Therefore, let us alter the basic urn model slightly to capture choice: At each step, before picking a ball, we explicitly declare which color we are interested in for that pick: a white ball ( = follow the desirable habit) or a black ball ( = follow the undesirable habit). Suppose we choose to aim for a white ball. A ball is then sampled from the urn at random, and if a white ball does indeed come up, then:

  1. A payoff of $W is received (We wanted white and we got white, so we are happy to the extent of $W).
  2. The white ball is placed back into the urn, along with an extra white ball (Reinforcement).

But if we decide to pick white and a black ball comes up, then there is no payoff, and the black ball is placed back in the urn without any extra ball. However, if we chose black, a black ball is guaranteed to show up, we get a payoff of #B, where # is a different currency from $, and the black ball is placed back along with an extra black. The extra black ball makes picking a white ball harder when a white is desired.

Consider the implications of this model:

  1. Suppose there are very few white balls compared to black. A white ball would rarely show up. With the decision to pick a white, most of the time there will be no payoff and no reinforcement. But with the decision to pick a black ball, there is guaranteed payoff of #B units, but at the cost of picking a white later on harder.
  2. As the bad habit is reinforced, the chance of reverting to the good habit never dies away completely, but diminishes as the number of black balls grows in comparison to the whites. ('It's never too late, but it does get harder').
  3. The purpose of the different currencies is to model the fact that the pleasure obtained from following a bad habit is qualitatively different from the one obtained from following a good one. Since most habits are based on short-term pleasure at the expense of long term benefit (e.g. cigarette smoking, binge eating /drinking, putting off exercise),  currency # may correspond to lots of short term kicks, while $ may correspond to long term well being.

Short-term thrills

I believe human behavior is fundamentally driven by a desire to be happy. However, different individuals can have very different ideas about what will make them happy. Since most bad habits result from a focus on short term happiness, at the expense of long term happiness, we would do well to make the following tweak: # and $ can be added to give a total payoff, but each unit of # currency is worth only $latex \epsilon < 1$ unit, 1 iteration after it was earned. The other currency, $, however, does not decay with time. The question is what behavior emerges when the objective is simply maximization of total payoff? It is intuitive that the answer will depend upon whether the game has a finite horizon or an infinite horizon.
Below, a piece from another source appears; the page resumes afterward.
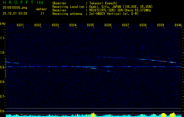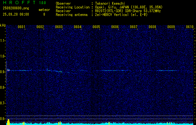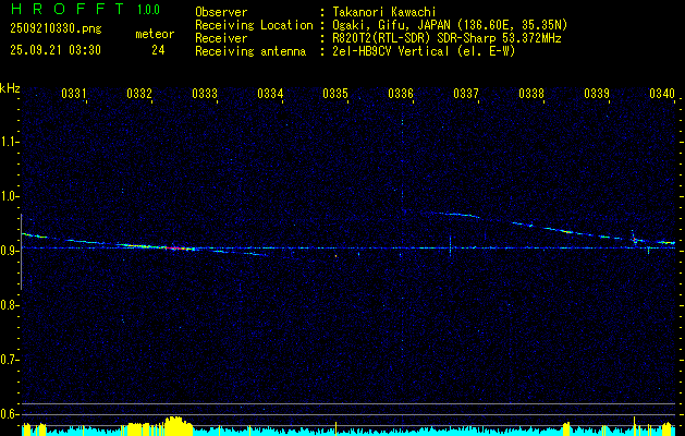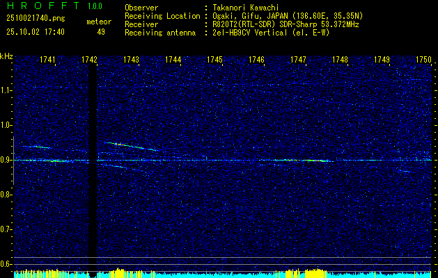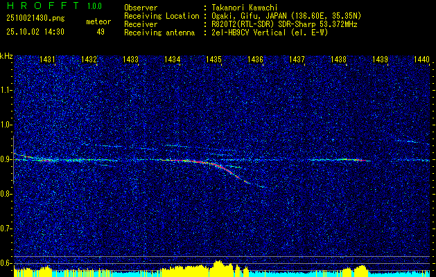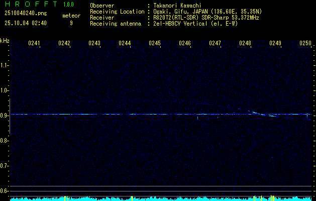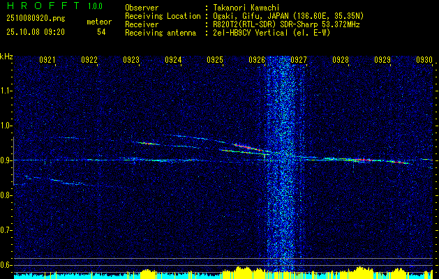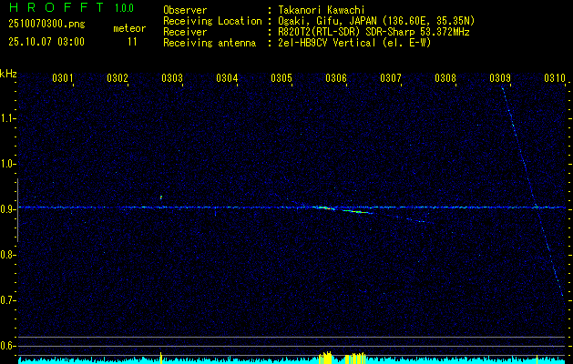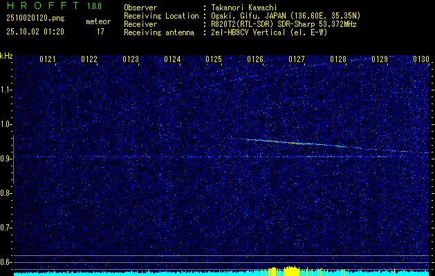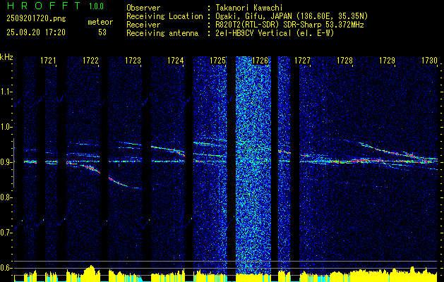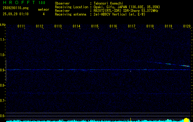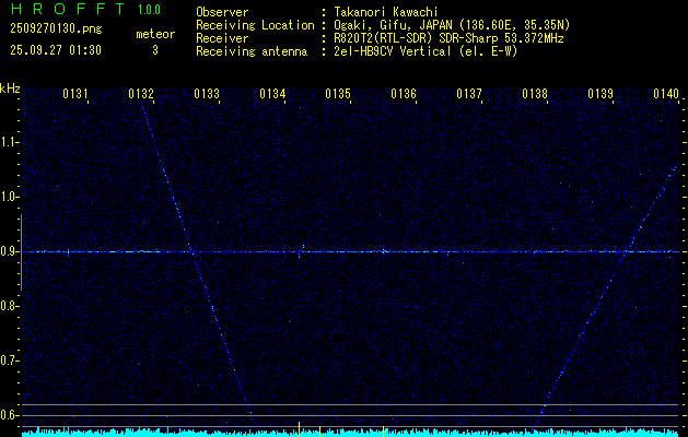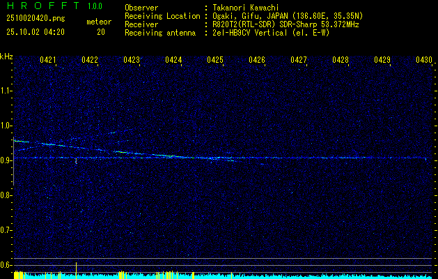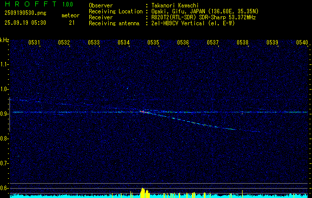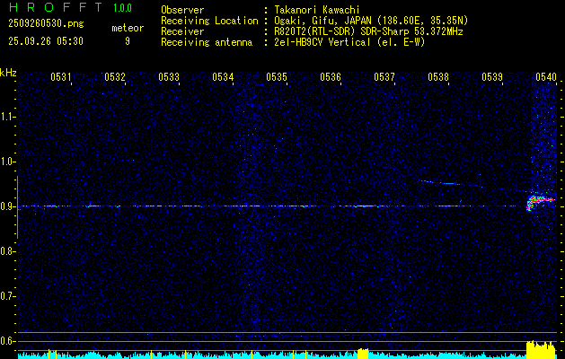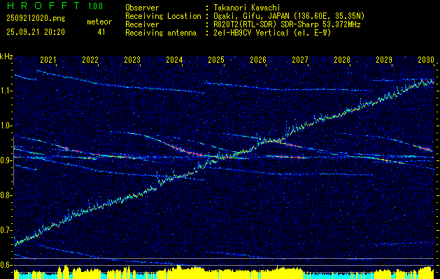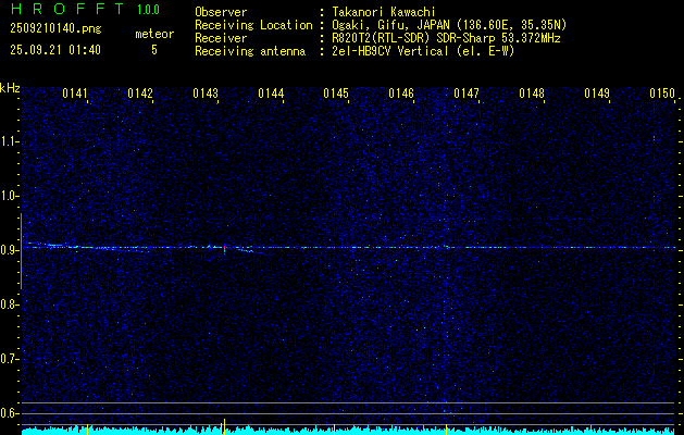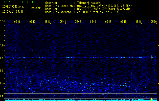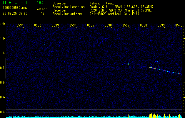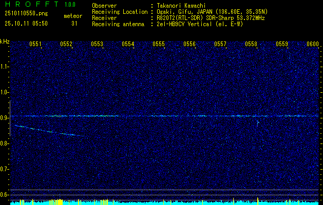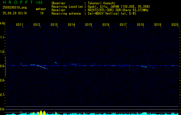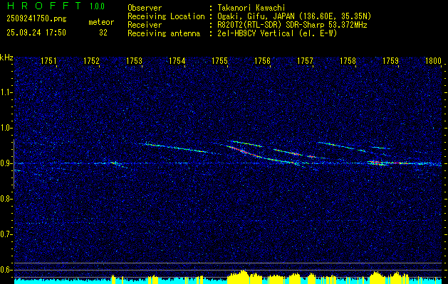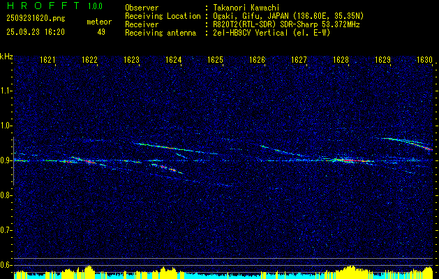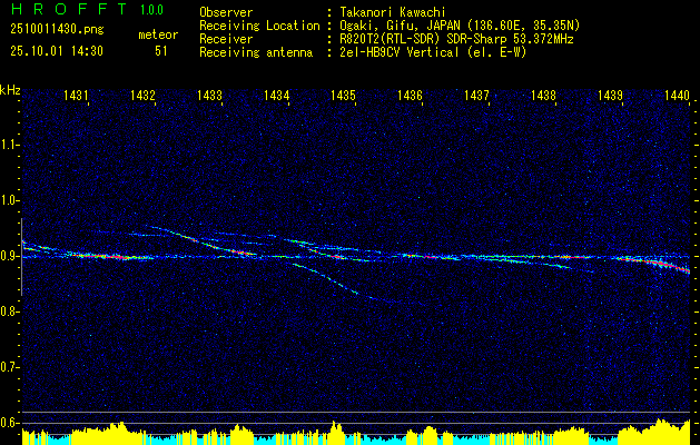 0.9kHz附近に発生している『点』または『塊』が流星によるエコーです.
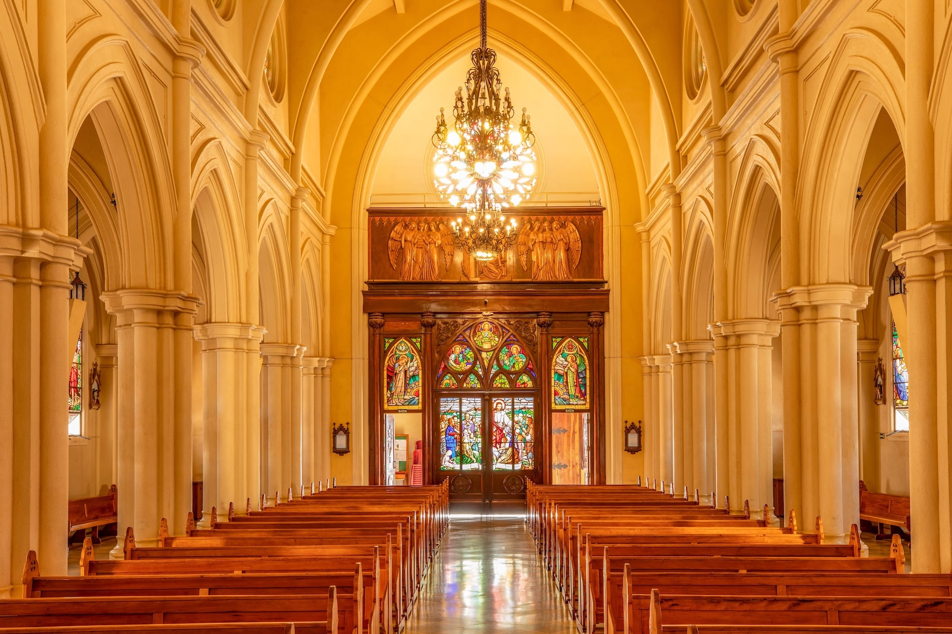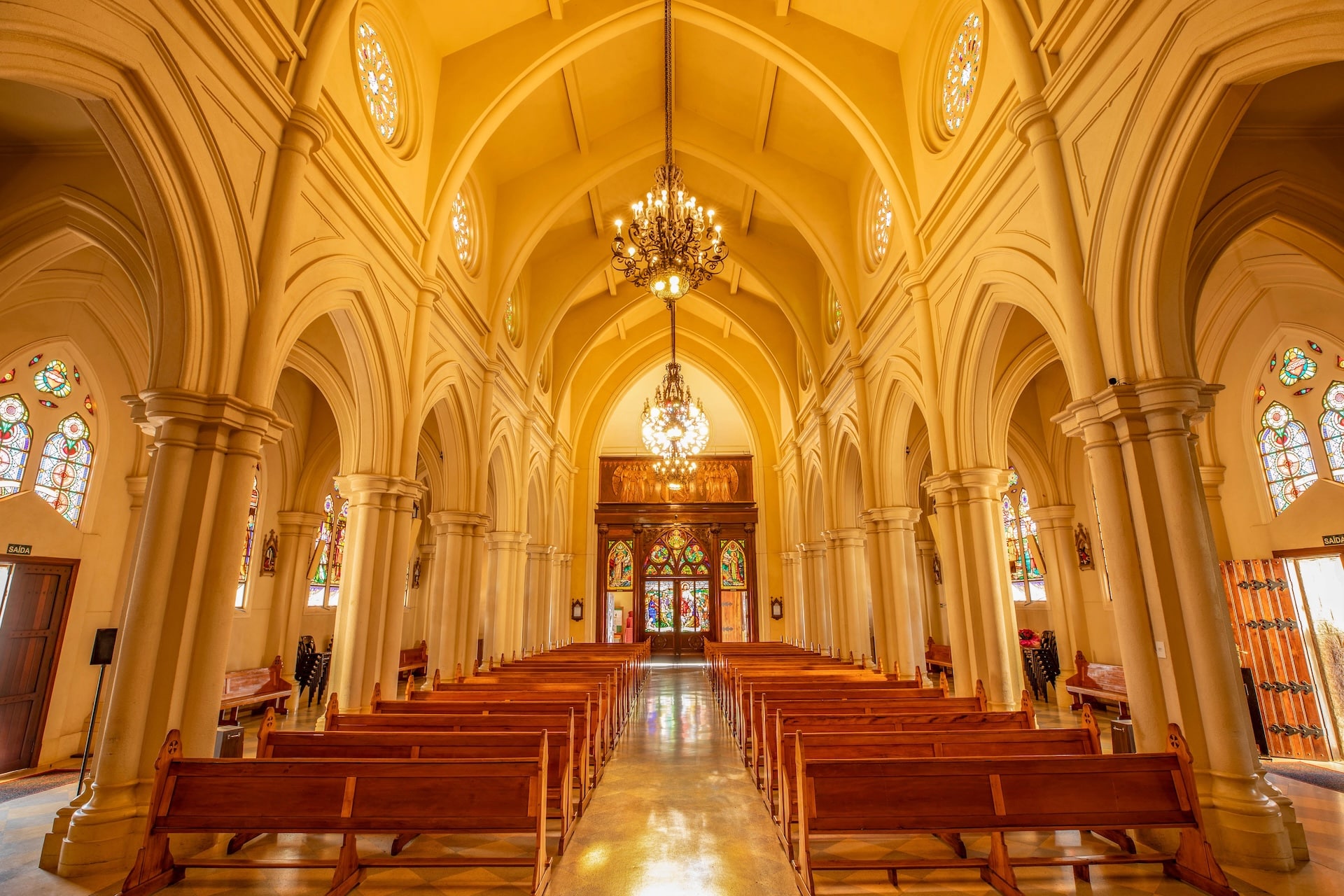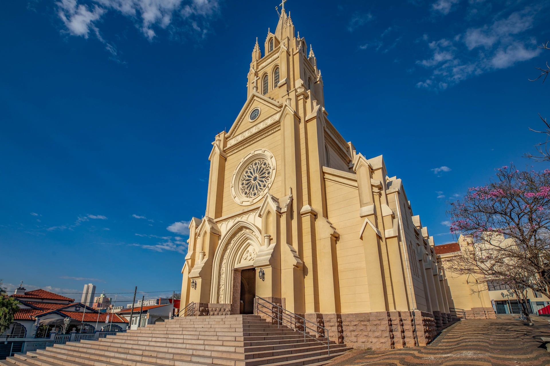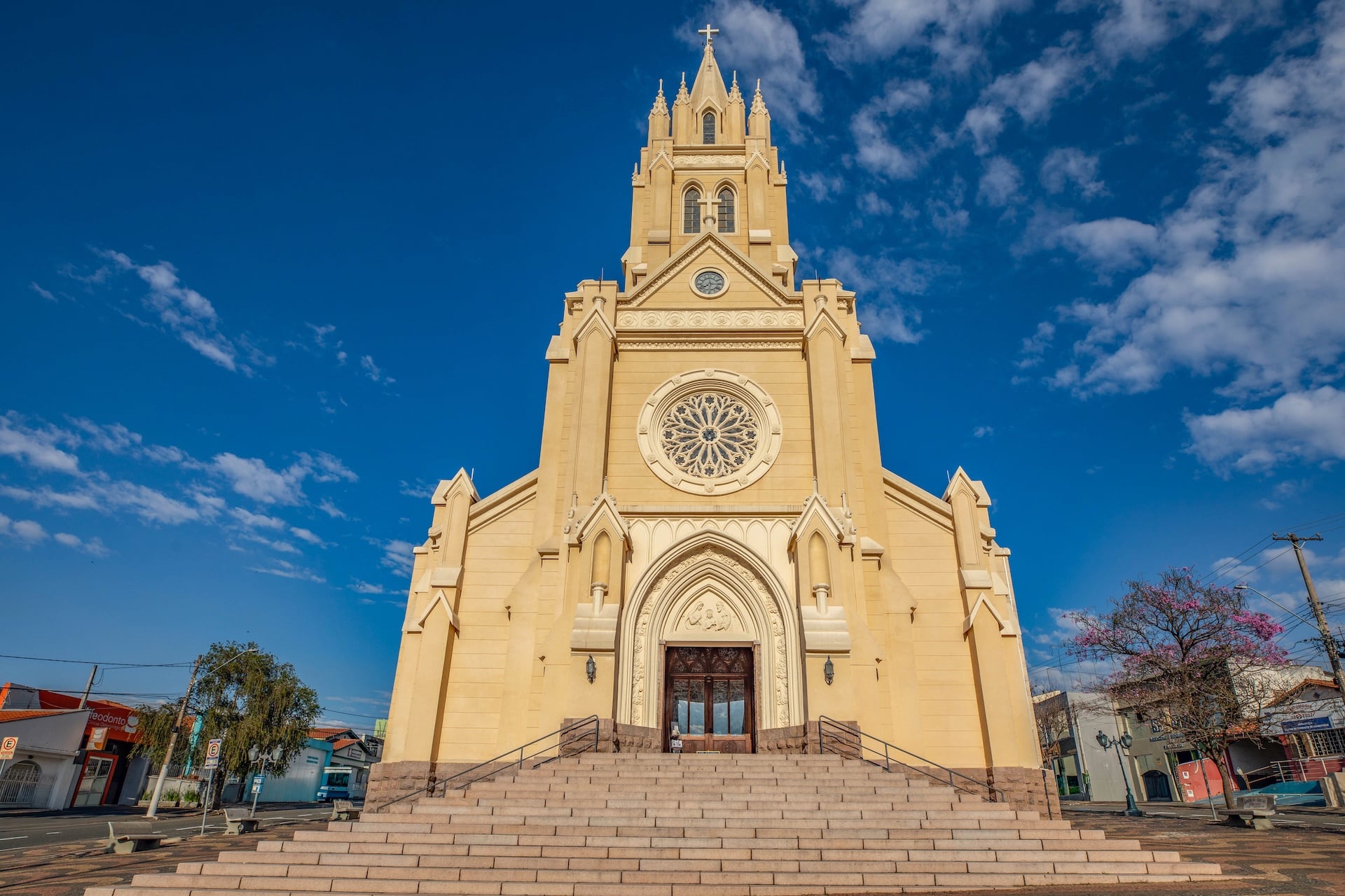 Datada de 1900 e construída no estilo arquitetônico gótico-românico, a construção foi erguida em concreto com entalhes de João Pazinatto. A fachada clara, em tom creme, destaca-se pela escadaria frontal e pela torre central imponente. No interior, o espaço é marcado pelo uso de madeira, vitrais coloridos e arcos ogivais que ressaltam a beleza e a riqueza da construção.

Since players have finite lifetimes, it is appropriate to use a finite time horizon, but since a person does not know when he/she will die, the horizon must be a life expectancy with some uncertainty (variance). In other words, nobody knows when they will die, but everybody knows they will die. The only time it makes logical sense to pick a black ball is if the player believes his remaining lifetime is so small that the expected cumulative gain from deciding to pick whites is smaller than the expected cumulative gain (including the decay effect) from picking blacks. Of course this depends upon how he spent his past -- i.e. whether or not he built up a high fraction of whites.

Breaking a bad habit

Suppose a person starts out with a predominant inclination towards an undesirable habit and wishes to switch to the good habit. It is clear that if she always chooses the white ball, then she will eventually succeed in creating a larger number of white balls and a good $ balance. But she will have to go many tries and no payoff before that happens. In practice, this requires determination, and she may be tempted to pick the black ball because it is so easily available.

Suppose $latex D \in [0,1]$ is the fraction of times that (s)he will decide to aim for a white ball, i.e. the player's determination. It is intuitive that a larger value  $latex D$ would help her switch to the good habit in fewer iterations. It would be interesting to see if there is a threshold value of $latex D$ below which the bad habit is never broken. In particular, I expect there to be a threshold value $latex D(w,N-w)$, below which the bad hait is never broken, w.p. 1, where $latex w$ is the number of whites in the urn and $latex N-w$ is the number of blacks.

Game over when wealth < 1 unit

Now let us further suppose, that in the course of playing the game, a player can never have less than 1 currency units. In other words, the game stops if the total currency units with a player reaches zero. All other rules are the same: 1 unit earned from a white ball, 1 unit from a black ball but units earned from black balls decay to $latex \epsilon$ of their value every time slot. Deciding to pick a black guarantees a black, and an extra black goes in. Deciding to pick a white, provides a white with a probability proportional to the fraction of whites in the urn, and an extra white goes in. With the new rule stipulating 'game over' when the player's wealth falls below 1, the player is incentivized to pick a black if she ever approaches 1 unit of wealth. This is meant to model the inclination of individuals with low self worth and happiness levels to engage in activity that would yield short term happiness (alcohol, drugs, binge eating, etc. ) at the expense of long term prospects.

Prime Factorization Trees

A positive integer can be visualized as a tree, structured by its prime factors. I wrote a little program which takes a positive integer as input, and creates a tree layout that shows its prime factors visually. Here's the tree for 70:

Screen shot 2012-10-07 at 9.55.37 AM

Screen shot 2012-10-07 at 9.55.37 AM

The tree is drawn recursively, starting with a root node in the center of a circular layout. The degree of the root node is the largest prime factor. Then, more prime factors are added recursively (including multiplicities of the same prime factor) in decreasing order of factor, by growing the tree. Finally, the leaf nodes are displayed as filled black circles. As seen from the tree above, the prime factorization of 70 is 7*5*2.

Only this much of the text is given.